Leaders have to lead from the back, not the front. You have to let thinkers think. A lot of ideas are coming from the team members themselves.
“You have to cultivate a culture of learning and innovation,” she says. “In AI, leaders have to lead from the back, not the front. You have to let thinkers think. In fact, a lot of ideas are coming from the team members themselves. You have to allow them the opportunity to nurture that to find the right solutions of the future.”

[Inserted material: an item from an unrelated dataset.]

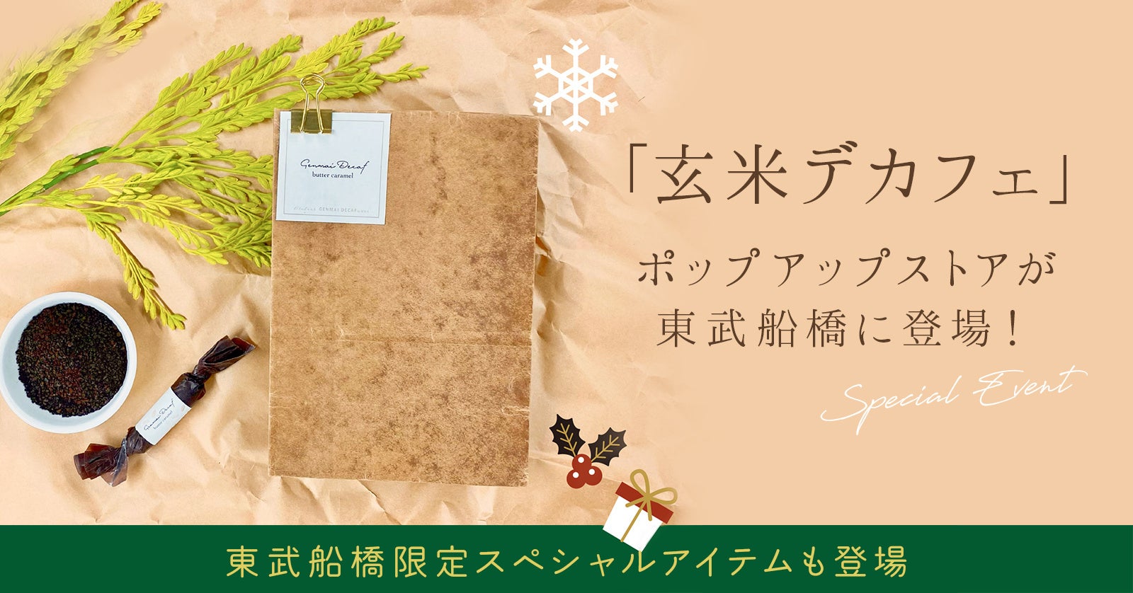 全国各地で好評の玄米デカフェのポップアップ。東武百貨店 船橋店で新商品『玄米デカフェのバターキャラメル』と、クリスマス限定商品の発売を開始します。クリスマスシーズンの贈り物にぴったりのスイーツです。

Encouraging security teams to experiment with AI has a number of benefits. It motivates those teams to explore new AI technologies and methodologies, which can lead to new solutions for complex security challenges. It also promotes ongoing skill development, encourages teams to collaborate and share insights, and ultimately helps security teams understand how AI can support and align with broader organizational objectives and strategies. It can also give a boost to a worker’s overall employee experience, something CISOs and enterprise leaders are paying closer attention to in today’s pressurized job market.
As CISOs maneuver in the changing AI landscape, it’s important that they assume a leadership role in the AI strategy of the organization, Kelly says. “[CISOs] are no longer a back-of-house job,” she says. “They need to have a full leadership role and the ability to work within an organization to anticipate what the company is doing and make those decisions about a strategic AI investment.”